Earl "Peanutt" Montgomery, a frequent collaborator of the late George Jones, is suing the country icon's widow Nancy, the Concord Music Group record company and Cracker Barrel for releasing music without his permission. The suit, filed in a Nashville federal court, stems from the release of George Jones & the Smoky Mountain Boys in February of 2017.

The Tennessean reports that Montgomery claims he is the rightful owner of the recordings that make up George Jones & the Smoky Mountain Boys. In the late 1970s, Montgomery's lawsuit states, Jones told Montgomery he wanted to collaborate with the Roy Acuff's Smoky Mountain Boys, and that he wanted Montgomery "to produce and own [the album] as his retirement package for all his years of service and friendship to Mr. Jones" (Montgomery played in Jones' band, produced for Jones and co-wrote 73 songs for him).

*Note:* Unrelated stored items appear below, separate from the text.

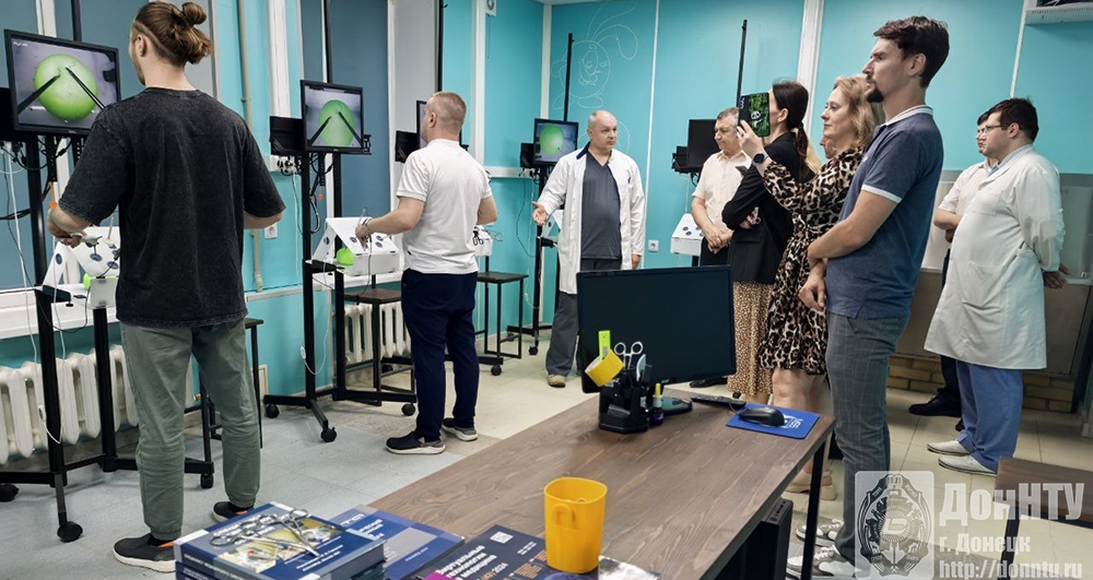 Делегация в составе советника Главы Донецкой Народной Республики Михаила Николаевича Кушакова, ДонНТУ Александра Яковлевича Аноприенко, Сергея Васильевича Борщевского, декана Татьяны Александровны Васяевой, заведующего ДонНТУ Владимира Николаевича Павлыша, руководителя инжинирингового центра «Политехник» ДонНТУ Сергея Витальевича Горбатко, председателя Совета молодых учёных ДонНТУ Руденко Марии Павловны, а также руководителей молодёжных лабораторий «Искусственный интеллект» и «Приборостроение и станкостроение» Ольги Валентиновны Рычки и Сергея Владимировича Деркачёва 19 июня посетила Институт неотложной и восстановительной хирургии им. В. К. Гусака.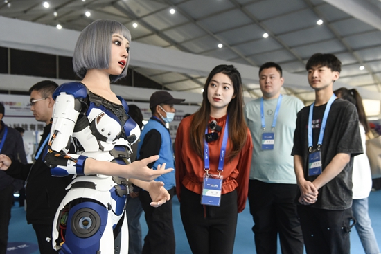 5月24日,机器人在峰会现场为观众讲解介绍。当日,以“机器智联、赋能万物”为主题的第八届中国机器人峰会暨智能经济人才峰会在浙江省余姚市开幕。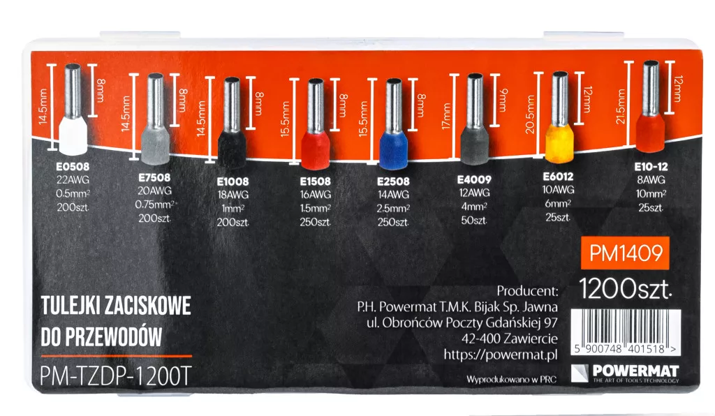 Powermat Érvéghüvely Készlet – 1200 darabos, Szigetelt, 0,5-10 mm² – Színkódolt (PM1409)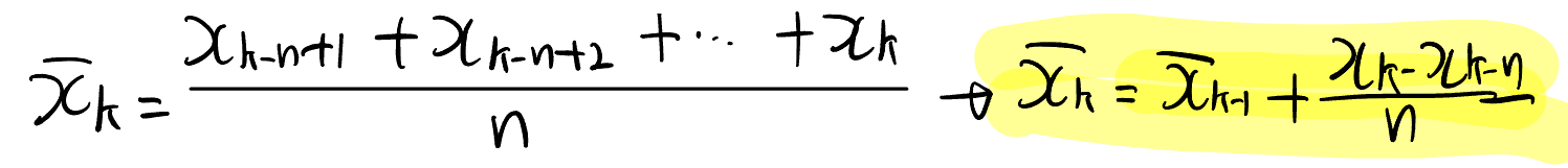 - $ \tilde{x}_{k} = \frac{x_{k-n+1} + x_{k-n+2} ... + x_{k}}{n} = \tilde{x}_{k-1} + \frac{x_{k}-x_{k-n}}{n} $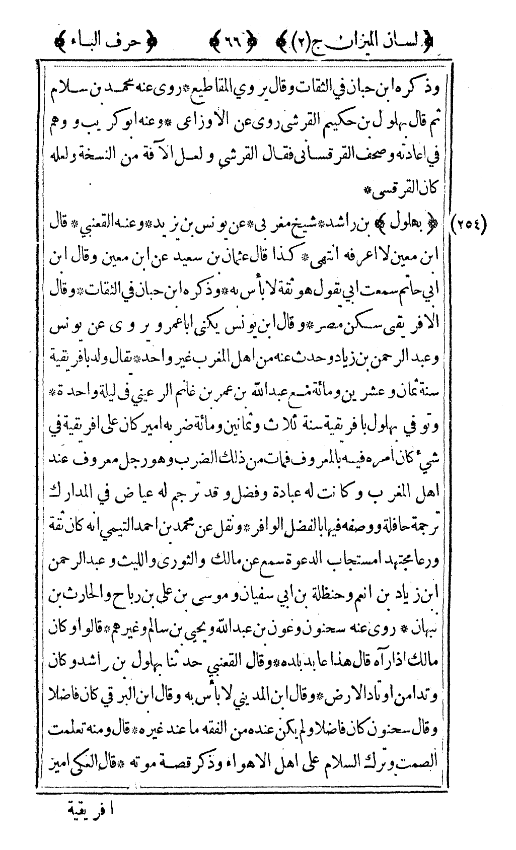 [254] "بهلول" بن راشد شيخ مغربي عن يونس بن يزيد وعنه القعنبي قال ابن معين لا أعرفه انتهى كذا قال عثمان بن سعيد عن ابن معين وقال ابن حاتم سمعت أبي يقول هو ثقة لا باس به وذكره ابن حبان في الثقات وقال الإفريقي سكن مصر وقال ابن يونس يكنى أبا عمرو يروي عن يونس وعبد الرحمن بن زياد وحدث عنه من أهل المغرب غير واحد يقال ولد بإفريقية سنة ثمان وعشرين ومائة مع عبد الله ابن عمر بن غانم الرعيني في ليلة واحدة وتوفي بهلول بإفرقية سنة ثلاث وثمانين ومائة ضربه أمير كان على إفريقية في شيء كان أمره فيه بالمعروف فمات من ذلك الضرب وهو رجل معروف عند أهل المغرب وكانت له عبادة وفضل وقد ترجم له عياض في المدارك ترجمة حافلة ووصفه فيها بالفضل الوافر ونقل عن محمد بن أحمد التيمي أنه كان ثقة ورعا مجتهدا مستجاب الدعوة سمع عن مالك والثوري والليث وعبد الرحمن بن زياد بن أنعم وحنظلة بن أبي سفيان وموسى بن علي بن رباح والحارث بن نبهان روى عنه سحنون وعون بن عبد الله ويحيى بن سالم وغيرهم قالوا وكان مالك إذا رآه قال هذا عابد بلده وقال القعنبي حدثنا بهلول بن راشد وكان وتدا من أوتاد الأرض وقال ابن المديني لا بأس به وقال ابن البرقي كان فاضلا وقال سحنون كان فاضلا ولم يكن عنده من الفقه ما عند غيره قال ومنه تعلمت الصمت وترك السلام على أهل الأهواء وذكر قصة موته قال العكي أمير

The tracks that make up George Jones & the Smoky Mountain Boys were recorded at Doc's Place Recording Studio, then shelved. Montgomery's lawsuit reports that although the session's master tapes remained in Doc's Place's vault, he had possession of the original mixed album. Montgomery was not paid for his production work on the record, nor listed in the album's liner notes; rather, two executives who added new elements to the released versions of the recordings are listed as executive producer and project supervisor.

"The release further misrepresents the album as lost recordings which were discovered," the lawsuit explains, "when in fact recordings were converted by defendant Nancy Jones and ultimately the Concord defendants with full knowledge of [Montgomery's] ownership."

After Jones died in April of 2013, Nancy Jones agreed to sell his intellectual property and other assets to Concord Music Group. Concord then agreed to release George Jones & the Smoky Mountain Boys through Cracker Barrel.

According to the Tennessean, Montgomery is seeking $5 million.